124.1.8 Why do you need to know about them?
- It can be of vital interest to know the state of the system, but we usually cannot measure it directly.
- Instead, we can measure u(t) and z(t), and although we cannot measure the random signals w(t) and v(t), we can model some of their critical attributes.
- This enables us to make methods to estimate x(t) based on what we measure and what we model.
- Kalman filters are (in some cases optimal) estimators of x(t)
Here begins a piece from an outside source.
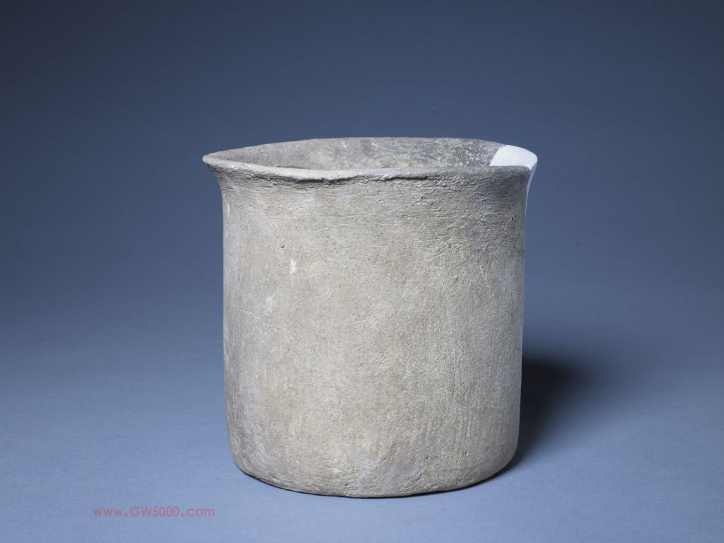 盂(yú 音于),撇口,圆筒形腹,平底。夹砂红陶,胎壁较厚,表面粗糙。 磁山文化因最初于1972年发现于河北省武安县磁山村而得名。据科学测试,其年代约为公元前6000—前5600年,属于华北地区新石器时代中期文化遗存。盂是一种盛汤浆或饭食的器皿,红陶夹砂能够提高陶器的耐热程度,因此这件红陶盂可能是一件炊器。磁山文化属于新石器时代中期文化遗存。因首先于1972年在河北省武安县(1988年撤县建市)磁山村被发现而得名。遗址总面积约14万平方米。1976年~1978年对部分区域进行了科学考古发掘,发掘面积6000平方米,出土陶器、石器、骨角器、蚌器、动物骨骸、植物标本等遗物6000余件。其中陶盂及陶支架、石磨盘及磨棒堪称磁山文化最具代表性的器物。据碳14法测定年代,距今约8000年至前7600年,与1977年在河南省新郑县裴李岗村发现的裴李岗文化的年代大体相当。磁山文化的陶器均为手工制作,用泥条盘筑法和捏塑法成型,绝大部分属于夹砂红褐陶,少部分为泥质红陶,以素面为主,烧成温度在700~930℃左右。

- The derivation and implementation of the KF depends on modeling the system in state-space form and having knowledge of the model A, B, C, and D matrices.
- This is why we care!
124.1.9 Summary
State-space models are a compact representation of an nth-order linear system in terms of a 1st-order vector ODE.
The standard form for linear continuous-time state-space models is Equation 124.3
We have learned the names of the equations, the names of the matrices, and the names of the signals (and what they all mean).
We have seen one example of a model in state-space form;
Next, we shall look at three other important general models.